Obama Presidential Center Opens in Chicago
CHICAGO — The Obama Presidential Center, an $850 million museum and community campus on Chicago’s South Side, opens to the public on Juneteenth, offering visitors a life-sized replica of the Oval Office, interactive exhibits, and sweeping skyline views from its 225-foot tower. The center is the first fully digital presidential museum in U.S. history, with no physical archives on site — all presidential records have been digitized in partnership with the National Archives and Records Administration.
A Decade in the Making
Announced in 2015 and breaking ground in August 2021, the nearly 20-acre campus in Jackson Park represents more than a decade of planning, fundraising, and construction. The project’s cost ballooned from an initial estimate of $350 million to $500 million and finally to approximately $850 million, all funded through private donations to the Obama Foundation, as reported by AP News.

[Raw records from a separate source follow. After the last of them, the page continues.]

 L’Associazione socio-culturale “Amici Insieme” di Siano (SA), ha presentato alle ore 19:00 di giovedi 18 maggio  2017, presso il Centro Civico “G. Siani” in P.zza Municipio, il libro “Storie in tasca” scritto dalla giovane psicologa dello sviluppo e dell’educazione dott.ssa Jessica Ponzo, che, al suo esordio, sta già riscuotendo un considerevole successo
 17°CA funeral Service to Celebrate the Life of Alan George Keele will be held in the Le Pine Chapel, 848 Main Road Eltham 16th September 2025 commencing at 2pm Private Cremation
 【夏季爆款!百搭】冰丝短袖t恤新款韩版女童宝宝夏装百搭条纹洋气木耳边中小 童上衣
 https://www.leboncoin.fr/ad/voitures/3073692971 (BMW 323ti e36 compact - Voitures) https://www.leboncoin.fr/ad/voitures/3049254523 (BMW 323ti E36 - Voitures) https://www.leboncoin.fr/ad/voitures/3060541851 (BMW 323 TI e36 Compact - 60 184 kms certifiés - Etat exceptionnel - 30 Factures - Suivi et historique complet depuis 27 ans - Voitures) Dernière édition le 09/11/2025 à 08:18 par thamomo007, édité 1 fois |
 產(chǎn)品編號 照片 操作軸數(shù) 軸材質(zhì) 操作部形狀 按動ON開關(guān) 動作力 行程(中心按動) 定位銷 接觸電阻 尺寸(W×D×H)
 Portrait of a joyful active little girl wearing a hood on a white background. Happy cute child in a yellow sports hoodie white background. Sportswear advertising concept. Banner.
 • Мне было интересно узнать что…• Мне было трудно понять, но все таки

The center features an eight-story museum tower, a Chicago Public Library branch, an athletic center with a professional-grade basketball court, a playground, a sledding hill, gardens, and grilling areas. The campus also includes 28 commissioned works of art from 30 artists, including Nick Cave, Maya Lin, and Julie Mehretu.
Inside the Museum
The museum tower, which has been nicknamed the “Obamalisk” by locals, offers four ticketed floors of exhibits. Unlike traditional presidential libraries that display official documents and papers, the Obama museum is fully interactive and high-tech, focusing on hands-on engagement rather than archival displays.
A centerpiece of the museum is a life-sized replica of the Oval Office as it appeared during Barack Obama’s presidency. The replica includes the Resolute Desk, with a copy of George W. Bush’s handwritten letter to Obama and Obama’s own BlackBerry phone tucked inside the top drawer. “We want to make sure that people from all walks of life have the opportunity to sit behind the Resolute Desk,” Josh Harris, Obama Foundation Vice President of Public Engagement, told AP News. “You think about the possibilities that if a young organizer from the South Side of Chicago can be president, you can be president too.”

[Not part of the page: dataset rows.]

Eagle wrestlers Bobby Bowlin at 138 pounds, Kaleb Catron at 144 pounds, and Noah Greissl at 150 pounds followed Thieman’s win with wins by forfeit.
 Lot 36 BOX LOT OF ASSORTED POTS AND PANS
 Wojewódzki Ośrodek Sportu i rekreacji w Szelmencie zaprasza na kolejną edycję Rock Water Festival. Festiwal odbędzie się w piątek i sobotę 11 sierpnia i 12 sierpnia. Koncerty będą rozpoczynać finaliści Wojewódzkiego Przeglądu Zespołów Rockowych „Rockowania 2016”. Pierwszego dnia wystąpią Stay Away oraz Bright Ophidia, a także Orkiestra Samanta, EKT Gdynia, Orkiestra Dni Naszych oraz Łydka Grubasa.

Museum Director Louise Bernard described the mission as passing a baton: “We’re passing that baton and inviting people to bring change home, however change may be defined, both small or large.”
Community Impact and Controversy
The center’s location on Chicago’s South Side — where Obama began his career as a community organizer and taught constitutional law at the University of Chicago — carries deep symbolic weight. But the project has not been without controversy. A lawsuit filed by the group “Protect Our Parks” sought to block construction on historic Jackson Park, which is listed on the National Register of Historic Places. The lawsuit was ultimately dismissed.
Community groups also raised concerns about gentrification and displacement of low-income Black residents in the surrounding Woodlawn and South Shore neighborhoods. The Chicago City Council passed compromise affordable housing ordinances in response, though some advocates argue the protections may not go far enough.
Obama Foundation CEO Valerie Jarrett framed the center as an economic engine for the region. “This is an economic engine, not just for the South Side of Chicago … most certainly here, but it’s going to be an engine for the city and the region,” Jarrett told the Chicago Sun-Times. “It’s going to be a beacon of hope to the world at a time where I think we can all use a little hope.”
The project created 5,000 construction jobs and is expected to generate 300 permanent positions, with an estimated $104 million in annual income for Cook County residents from long-term employment.
Tickets and Access
At $30 per ticket, the Obama Presidential Center museum is the most expensive admission of any U.S. presidential museum or library. However, most of the campus — including the playground, library branch, sledding hill, grilling areas, and the top-floor sky room — is free and open to the public. As of early June, tickets for the museum were sold out through the end of August, according to USA Today.
The center expects approximately 600,000 annual museum visitors and up to 1 million total campus visitors per year.
Grand Opening Events
The official dedication ceremony takes place on June 18 with an invite-only event featuring dignitaries, performances, and speeches. The center opens to the general public on June 19 — Juneteenth — with a grand opening weekend from June 19 through June 21, featuring live performances, family activities, food, art, and storytelling.
A New Model for Presidential Libraries
The Obama Presidential Center represents a fundamental shift in how presidential legacies are preserved. By digitizing all archives in partnership with NARA and focusing on interactive, community-oriented spaces rather than document display, the center offers a new blueprint for future presidential libraries. As Obama himself said at the 2021 groundbreaking, “We want this center to be more than a static museum or a source of archival research.”
With its combination of high-tech exhibits, community gathering spaces, and a powerful location on the South Side, the Obama Presidential Center aims to be both a tribute to the nation’s first Black president and a catalyst for the next generation of community leaders.